# DIRECTIONS FOR THIS TASK:
Each line in the material below, starting at the one that contains "女性のためのフラワーブレスレット イミテーションパール クリスタルビーズ" and ending at the one that contains "Nach diesem schönen", should be repeated exactly; the pictures should not.
───── INFORMATION GIVEN ─────
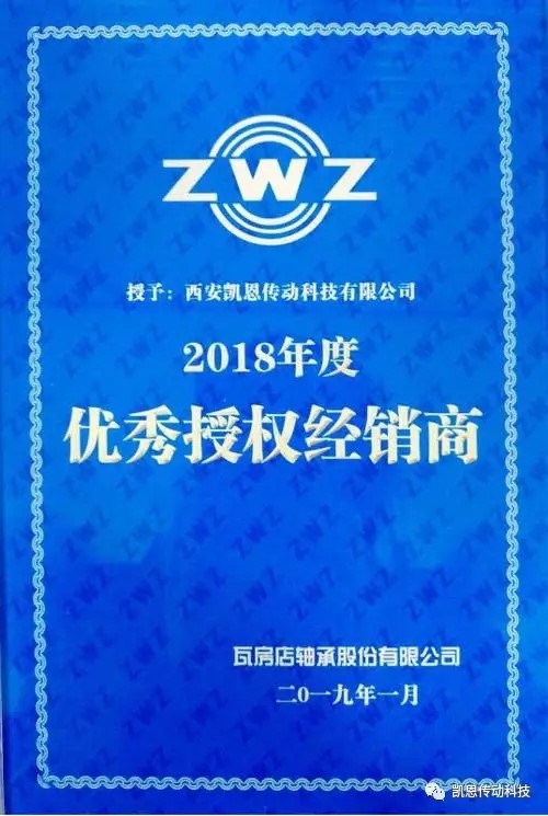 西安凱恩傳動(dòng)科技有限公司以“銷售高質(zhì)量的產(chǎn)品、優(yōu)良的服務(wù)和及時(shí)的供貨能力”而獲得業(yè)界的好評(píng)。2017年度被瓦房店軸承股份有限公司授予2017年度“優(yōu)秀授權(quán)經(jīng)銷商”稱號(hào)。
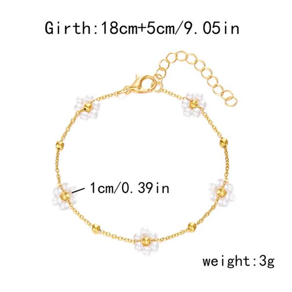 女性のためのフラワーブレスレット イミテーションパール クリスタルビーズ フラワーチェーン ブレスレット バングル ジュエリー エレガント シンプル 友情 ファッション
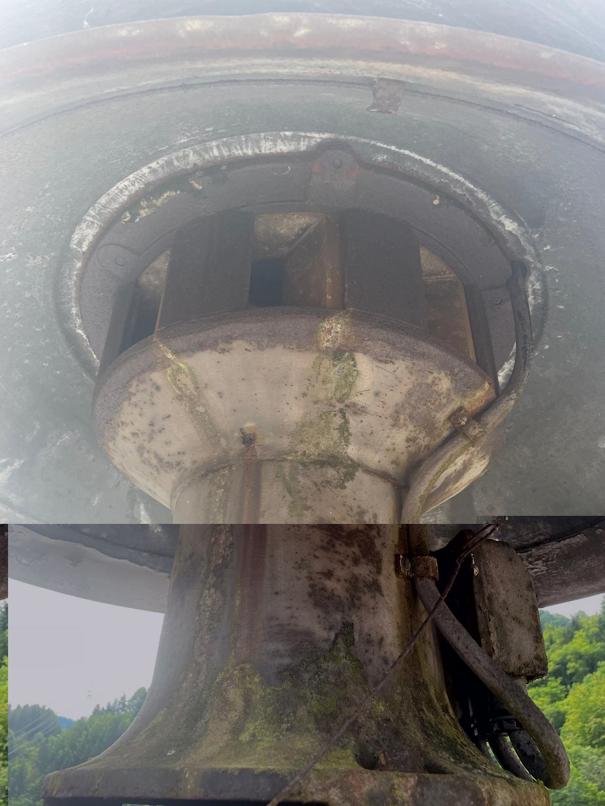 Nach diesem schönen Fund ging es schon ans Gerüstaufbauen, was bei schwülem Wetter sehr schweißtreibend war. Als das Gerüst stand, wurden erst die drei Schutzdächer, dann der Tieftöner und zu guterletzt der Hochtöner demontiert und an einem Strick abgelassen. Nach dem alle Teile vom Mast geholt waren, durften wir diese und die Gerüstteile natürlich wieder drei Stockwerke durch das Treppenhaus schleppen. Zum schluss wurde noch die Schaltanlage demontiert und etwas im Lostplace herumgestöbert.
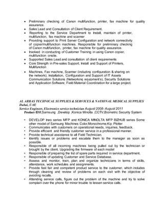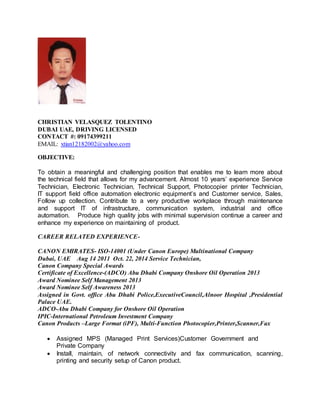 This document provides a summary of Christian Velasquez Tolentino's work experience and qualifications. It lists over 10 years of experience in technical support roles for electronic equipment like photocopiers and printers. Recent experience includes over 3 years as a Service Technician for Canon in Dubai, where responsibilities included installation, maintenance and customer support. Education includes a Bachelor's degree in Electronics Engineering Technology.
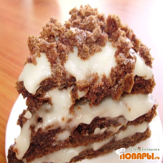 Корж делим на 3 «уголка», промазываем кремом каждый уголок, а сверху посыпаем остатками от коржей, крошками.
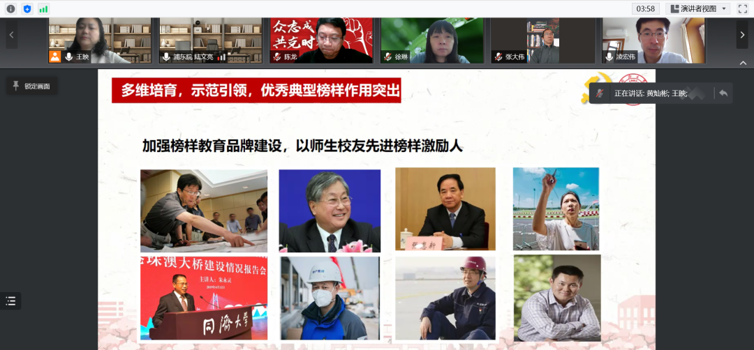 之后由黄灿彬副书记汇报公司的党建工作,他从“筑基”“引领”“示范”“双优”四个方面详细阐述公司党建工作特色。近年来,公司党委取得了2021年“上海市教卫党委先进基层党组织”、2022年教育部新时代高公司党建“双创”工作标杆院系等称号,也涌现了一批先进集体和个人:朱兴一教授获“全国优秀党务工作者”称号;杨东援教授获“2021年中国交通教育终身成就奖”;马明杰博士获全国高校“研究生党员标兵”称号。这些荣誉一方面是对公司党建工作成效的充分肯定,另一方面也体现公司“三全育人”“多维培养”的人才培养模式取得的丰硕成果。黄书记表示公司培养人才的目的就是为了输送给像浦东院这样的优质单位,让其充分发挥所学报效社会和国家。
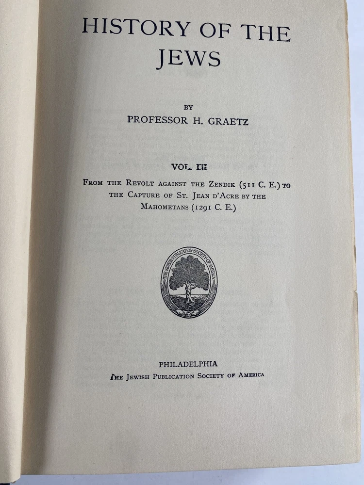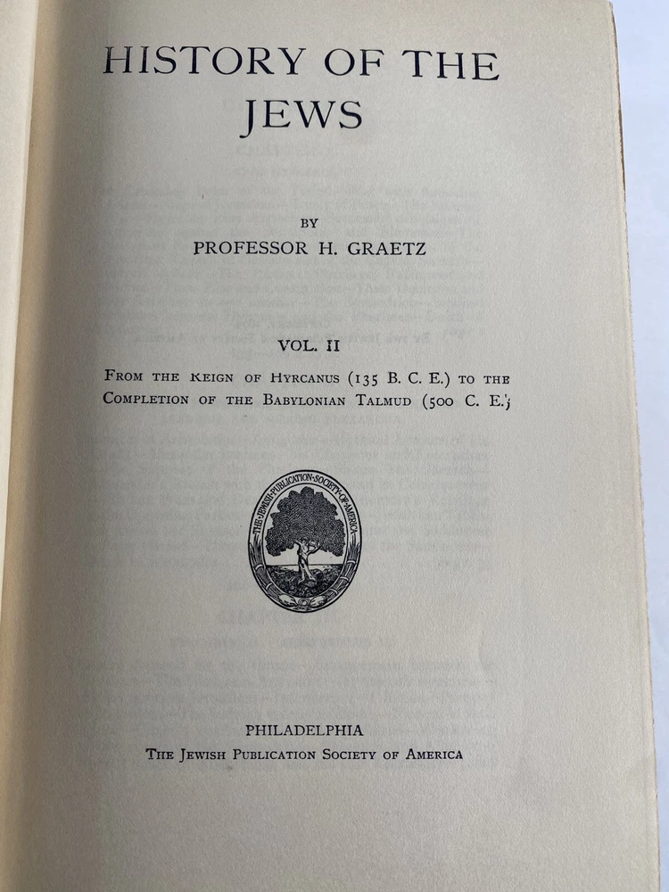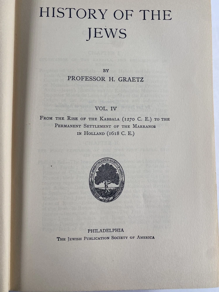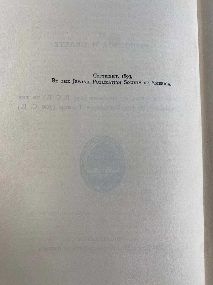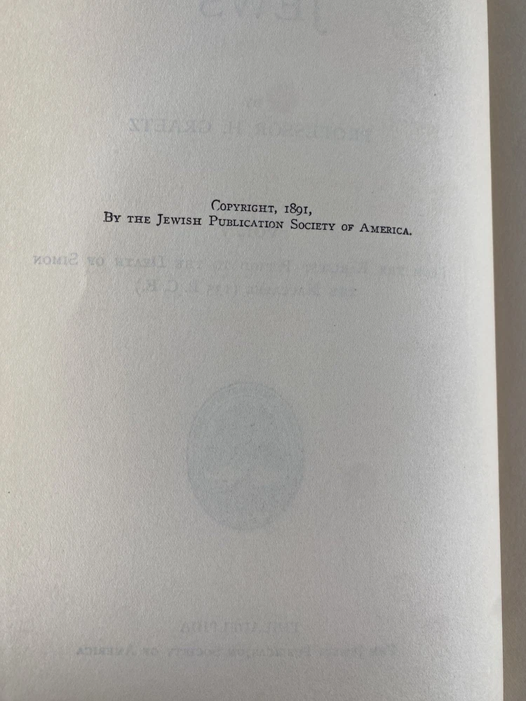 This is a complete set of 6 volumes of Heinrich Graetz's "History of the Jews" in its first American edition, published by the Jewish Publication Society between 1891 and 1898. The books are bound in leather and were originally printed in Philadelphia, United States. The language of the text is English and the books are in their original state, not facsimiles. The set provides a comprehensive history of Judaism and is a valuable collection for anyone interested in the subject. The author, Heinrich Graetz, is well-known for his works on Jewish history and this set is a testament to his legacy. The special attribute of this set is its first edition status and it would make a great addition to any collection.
─────
# EXPECTED ANSWER:
 女性のためのフラワーブレスレット イミテーションパール クリスタルビーズ フラワーチェーン ブレスレット バングル ジュエリー エレガント シンプル 友情 ファッション
 Nach diesem schönen Fund ging es schon ans Gerüstaufbauen, was bei schwülem Wetter sehr schweißtreibend war. Als das Gerüst stand, wurden erst die drei Schutzdächer, dann der Tieftöner und zu guterletzt der Hochtöner demontiert und an einem Strick abgelassen. Nach dem alle Teile vom Mast geholt waren, durften wir diese und die Gerüstteile natürlich wieder drei Stockwerke durch das Treppenhaus schleppen. Zum schluss wurde noch die Schaltanlage demontiert und etwas im Lostplace herumgestöbert.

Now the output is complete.